── Data for the task ──
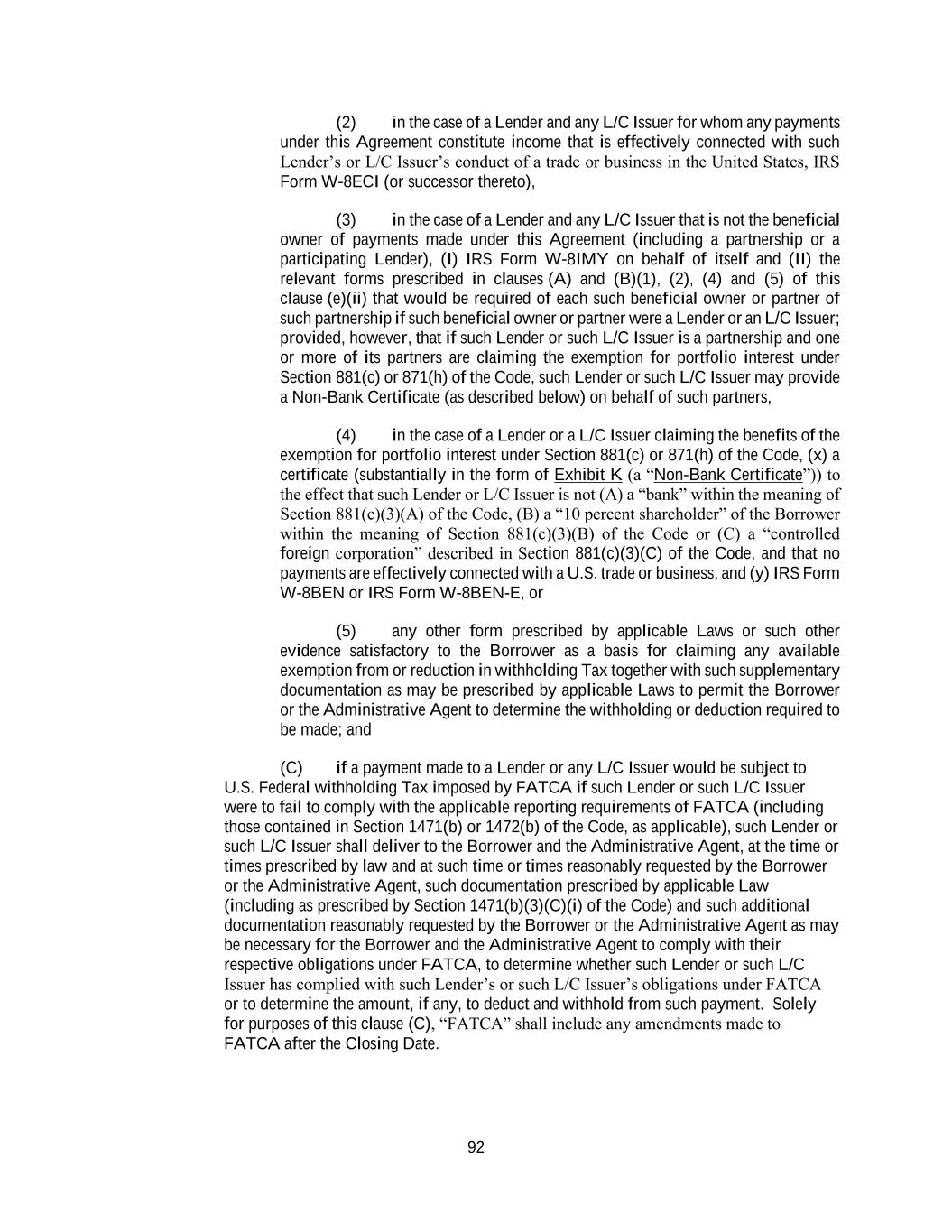 92(2)就贷款人及任何根据本协议支付的任何款项构成与该贷款人或信用证发行人在美国进行贸易或业务有效相关的收入的任何信用证发行人而言,IRS表格W-8ECI(或其继承者),(3)就贷款人及任何并非根据本协议支付款项的实益拥有人(包括合伙企业或参与贷款人)的信用证发行人而言,(i)代表其本身的IRS表格W-8IMY及(ii)条款(a)及(b)(1)、(2)所订明的有关表格,(4)及本(e)(ii)条第(5)款的规定,如该等合伙的每名该等实益拥有人或合伙人为贷款人或信用证发行人,则该等实益拥有人或合伙人须作出规定;但如该等贷款人或该等信用证发行人为合伙,而其一名或多于一名合伙人根据《守则》第881(c)或871(h)条申索投资组合权益的豁免,则该贷款人或该信用证发行人可代表该等合伙人提供非银行证明(如下所述),(4)如贷款人或信用证发行人根据《守则》第881(c)或871(h)条申索投资组合权益豁免的利益,(x)一份证明(基本上以附件TERM0 K(“非银行证明”)的形式),大意是该贷款人或信用证发行人不是(a)《守则》第881(c)(3)(a)条所指的“银行”,(b)《守则》第881(c)(3)(b)条所指的借款人的“10%股东”或(c)《守则》第881(c)(3)(c)条所述的“受控外国公司”,并且没有任何付款与美国贸易或业务有效关联,以及(y)IRS表格W-8BEN或IRS表格W-8BEN-E,(5)适用法律订明的任何其他表格或借款人满意的其他证据,作为申索任何可用的预扣税豁免或减免的依据,连同适用法律订明的补充文件,以允许借款人或行政代理人确定所需的预扣或扣除;及(c)如向贷款人或任何信用证发行人支付的款项将须缴纳FATCA征收的美国联邦预扣税如该贷款人或该信用证发行人未能遵守FATCA的适用报告要求(包括《守则》第1471(b)或1472(b)节(如适用)所载的要求),该贷款人或该信用证发行人应在法律规定的时间以及借款人或行政代理人合理要求的时间或时间向借款人和行政代理人交付,适用法律规定的此类文件(包括《守则》第1471(b)(3)(c)(i)节规定的)以及借款人或行政代理人为借款人和行政代理人遵守各自在FATCA下的义务而可能需要的合理要求的额外文件,以确定该贷款人或该信用证发行人是否遵守了该贷款人或该信用证发行人在FATCA下的义务,或确定从该付款中扣除和扣留的金额(如有)。仅就本条款(c)而言,“FATCA”应包括在截止日期之后对FATCA所做的任何修订。
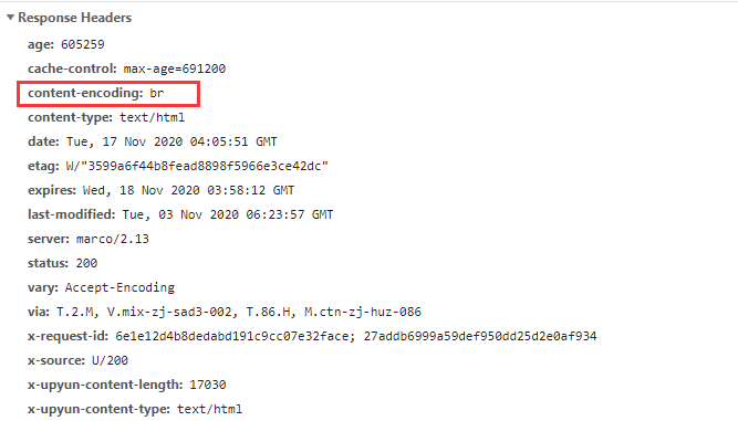 其实支持 Brotli 的浏览器会在接受编码请求标头中发送“ br”和“ gzip”(例如:Accept-Encoding: gzip, deflate, br)。如果 Web 服务器上启用了 Brotli,则用户将获取到 Brotli 压缩格式的响应。
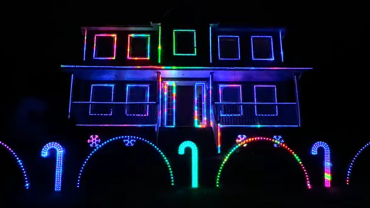 His show consists of 9,000 Christmas lights that are synced with four Christmas songs that will play on your car radio if you tune into 87.9FM outside his home.
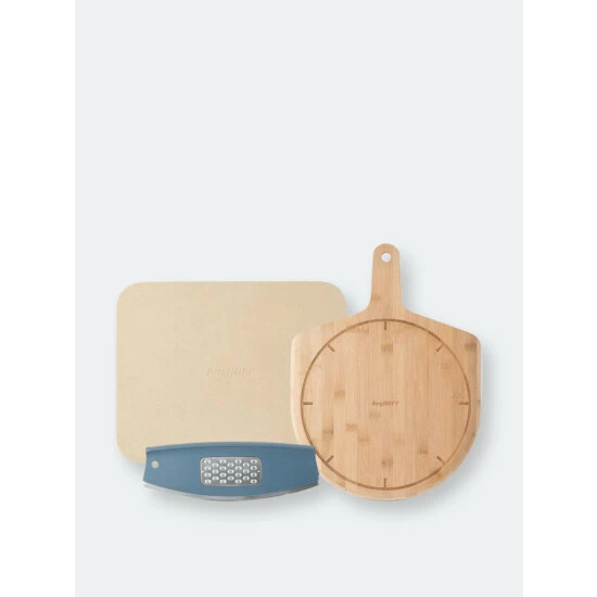 Create delicious and authentic Italian pizza at home with the Leo pizza set. The high-quality ceramic pizza stone holds and distributes heat evenly while absorbing moisture from the dough which results in crusty perfection. The slicer delivers two functions in one; the blade allows you to easily slice thin and thick crust pizzas while the integrated grater finely grates your cheese. The shovel from natural wood is designed to slide under the pizza to place it in a hot oven and take it out when ready. The shovel goes directly from the oven to the table as it doubles as a cutting and serving board. The integrated grid lines make portioning easy and ensures that all the delicious pieces are equally sized.
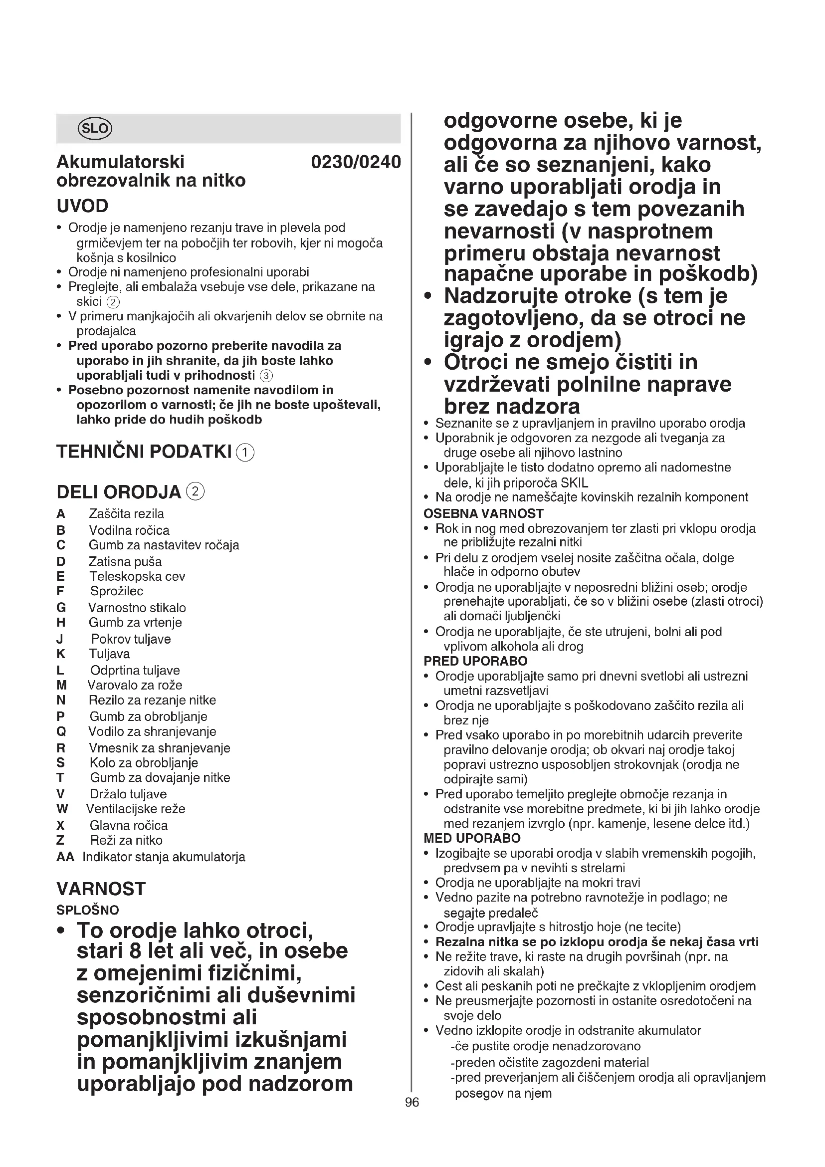 Prenesite navodila za vaš Trimer za travo v formatu PDF brezplačno! Poiščite svoja navodila 0240 CA - SKIL in vzemite svojo elektronsko napravo nazaj v roke. Na tej strani so objavljeni vsi dokumenti, potrebni za uporabo vaše naprave. 0240 CA znamke SKIL.
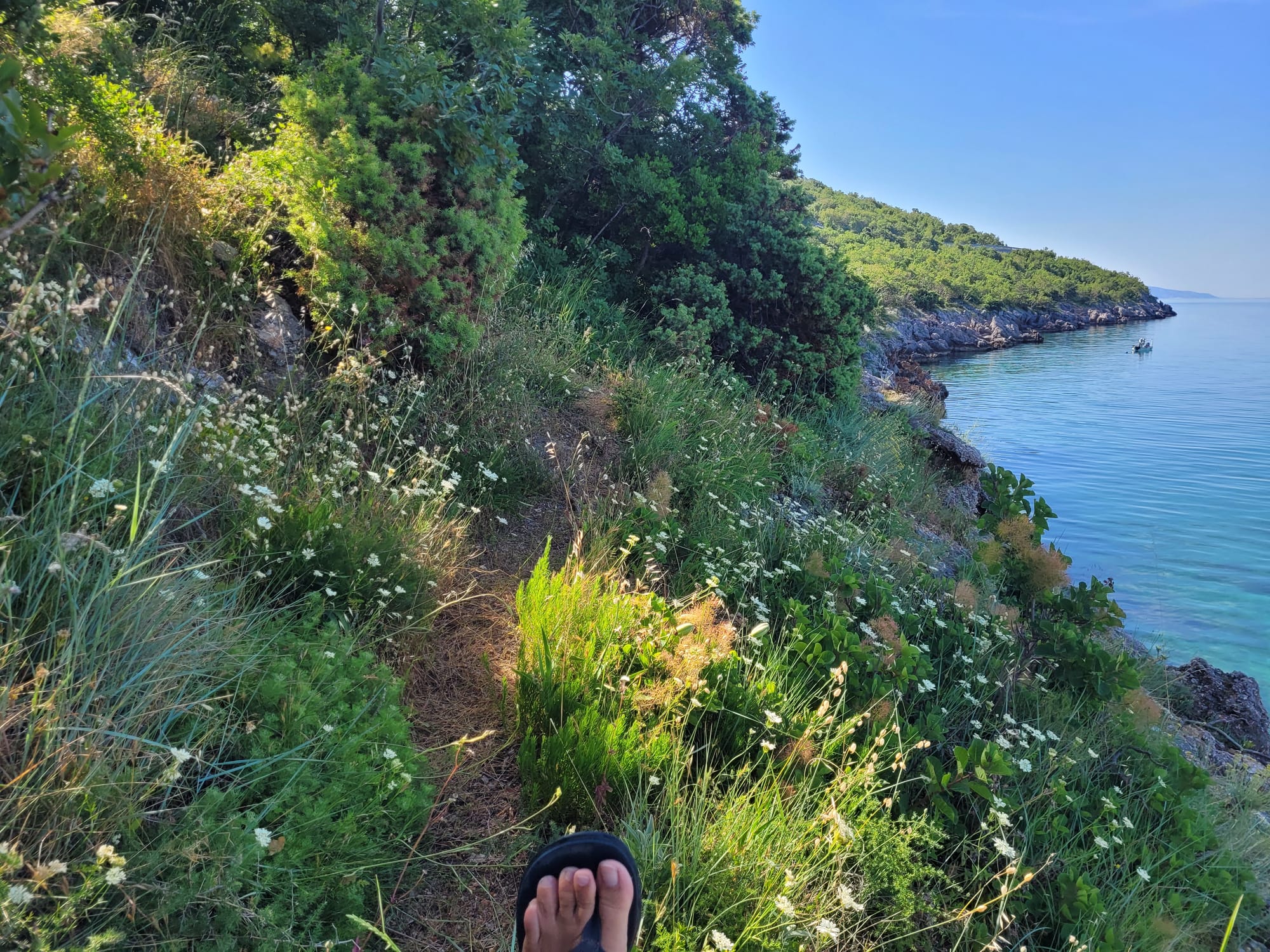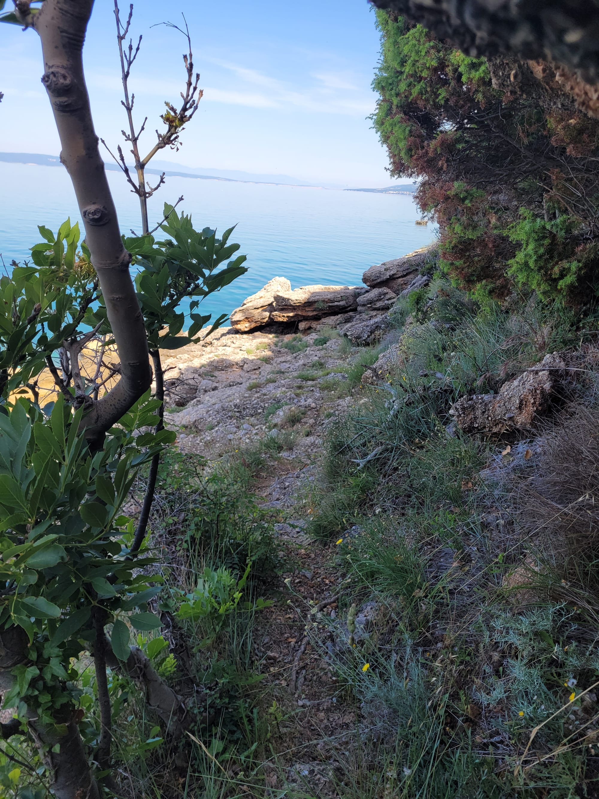 In der Früh gehe ich unseren Abstieg zum Meer hinunter...
───
• Task instructions:
Please print each entry exactly as it stands, without the pictures.

• Exercise result:
 92(2)就贷款人及任何根据本协议支付的任何款项构成与该贷款人或信用证发行人在美国进行贸易或业务有效相关的收入的任何信用证发行人而言,IRS表格W-8ECI(或其继承者),(3)就贷款人及任何并非根据本协议支付款项的实益拥有人(包括合伙企业或参与贷款人)的信用证发行人而言,(i)代表其本身的IRS表格W-8IMY及(ii)条款(a)及(b)(1)、(2)所订明的有关表格,(4)及本(e)(ii)条第(5)款的规定,如该等合伙的每名该等实益拥有人或合伙人为贷款人或信用证发行人,则该等实益拥有人或合伙人须作出规定;但如该等贷款人或该等信用证发行人为合伙,而其一名或多于一名合伙人根据《守则》第881(c)或871(h)条申索投资组合权益的豁免,则该贷款人或该信用证发行人可代表该等合伙人提供非银行证明(如下所述),(4)如贷款人或信用证发行人根据《守则》第881(c)或871(h)条申索投资组合权益豁免的利益,(x)一份证明(基本上以附件TERM0 K(“非银行证明”)的形式),大意是该贷款人或信用证发行人不是(a)《守则》第881(c)(3)(a)条所指的“银行”,(b)《守则》第881(c)(3)(b)条所指的借款人的“10%股东”或(c)《守则》第881(c)(3)(c)条所述的“受控外国公司”,并且没有任何付款与美国贸易或业务有效关联,以及(y)IRS表格W-8BEN或IRS表格W-8BEN-E,(5)适用法律订明的任何其他表格或借款人满意的其他证据,作为申索任何可用的预扣税豁免或减免的依据,连同适用法律订明的补充文件,以允许借款人或行政代理人确定所需的预扣或扣除;及(c)如向贷款人或任何信用证发行人支付的款项将须缴纳FATCA征收的美国联邦预扣税如该贷款人或该信用证发行人未能遵守FATCA的适用报告要求(包括《守则》第1471(b)或1472(b)节(如适用)所载的要求),该贷款人或该信用证发行人应在法律规定的时间以及借款人或行政代理人合理要求的时间或时间向借款人和行政代理人交付,适用法律规定的此类文件(包括《守则》第1471(b)(3)(c)(i)节规定的)以及借款人或行政代理人为借款人和行政代理人遵守各自在FATCA下的义务而可能需要的合理要求的额外文件,以确定该贷款人或该信用证发行人是否遵守了该贷款人或该信用证发行人在FATCA下的义务,或确定从该付款中扣除和扣留的金额(如有)。仅就本条款(c)而言,“FATCA”应包括在截止日期之后对FATCA所做的任何修订。
 其实支持 Brotli 的浏览器会在接受编码请求标头中发送“ br”和“ gzip”(例如:Accept-Encoding: gzip, deflate, br)。如果 Web 服务器上启用了 Brotli,则用户将获取到 Brotli 压缩格式的响应。
 His show consists of 9,000 Christmas lights that are synced with four Christmas songs that will play on your car radio if you tune into 87.9FM outside his home.
 Create delicious and authentic Italian pizza at home with the Leo pizza set. The high-quality ceramic pizza stone holds and distributes heat evenly while absorbing moisture from the dough which results in crusty perfection. The slicer delivers two functions in one; the blade allows you to easily slice thin and thick crust pizzas while the integrated grater finely grates your cheese. The shovel from natural wood is designed to slide under the pizza to place it in a hot oven and take it out when ready. The shovel goes directly from the oven to the table as it doubles as a cutting and serving board. The integrated grid lines make portioning easy and ensures that all the delicious pieces are equally sized.
 Prenesite navodila za vaš Trimer za travo v formatu PDF brezplačno! Poiščite svoja navodila 0240 CA - SKIL in vzemite svojo elektronsko napravo nazaj v roke. Na tej strani so objavljeni vsi dokumenti, potrebni za uporabo vaše naprave. 0240 CA znamke SKIL.
 In der Früh gehe ich unseren Abstieg zum Meer hinunter...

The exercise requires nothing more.